Use `-F list` to see what alternative formats are available::
$ binman extract -i /tmp/b/odroid-c4/image.bin -F list
Flag (-F) Entry type Description
fdt fdtmap Extract the devicetree blob from the fdtmap
Replacing files in an image
---------------------------
You can replace files in an existing firmware image created by binman, provided
that there is an 'fdtmap' entry in the image. For example::
$ binman replace -i image.bin section/cbfs/u-boot
which will write the contents of the file 'u-boot' from the current directory
to the that entry, compressing if necessary. If the entry size changes, you must
add the 'allow-repack' property to the original image before generating it (see
above), otherwise you will get an error.
You can also use a particular file, in this case u-boot.bin::
$ binman replace -i image.bin section/cbfs/u-boot -f u-boot.bin
It is possible to replace all files from a source directory which uses the same
hierarchy as the entries::
$ binman replace -i image.bin -I indir
Files that are missing will generate a warning.

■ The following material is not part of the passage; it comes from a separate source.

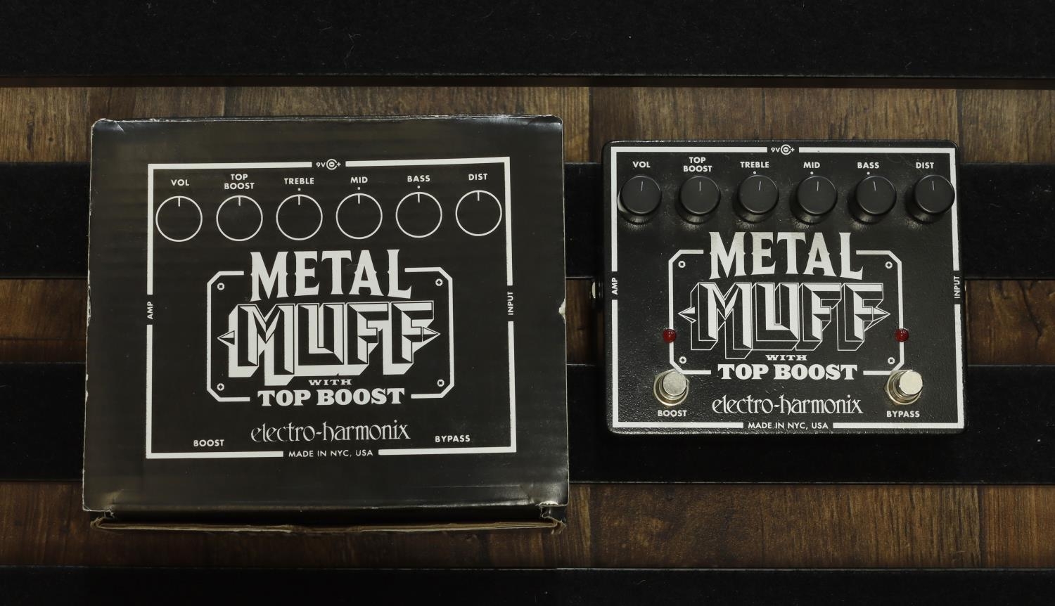 Electro-Harmonix Metal Muff with Top Boost guitar pedal, boxed

You can also replace just a selection of entries::
$ binman replace -i image.bin "*u-boot*" -I indir
Logging
-------
Binman normally operates silently unless there is an error, in which case it
just displays the error. The -D/--debug option can be used to create a full
backtrace when errors occur. You can use BINMAN_DEBUG=1 when building to select
this.
Internally binman logs some output while it is running. This can be displayed
by increasing the -v/--verbosity from the default of 1:
0: silent
1: warnings only
2: notices (important messages)
3: info about major operations
4: detailed information about each operation
5: debug (all output)
You can use BINMAN_VERBOSE=5 (for example) when building to select this.
Bintools
========
`Bintool` is the name binman gives to a binary tool which it uses to create and
manipulate binaries that binman cannot handle itself. Bintools are often
necessary since Binman only supports a subset of the available file formats
natively.
Many SoC vendors invent ways to load code into their SoC using new file formats,
sometimes changing the format with successive SoC generations. Sometimes the
tool is available as Open Source. Sometimes it is a pre-compiled binary that
must be downloaded from the vendor's website. Sometimes it is available in
source form but difficult or slow to build.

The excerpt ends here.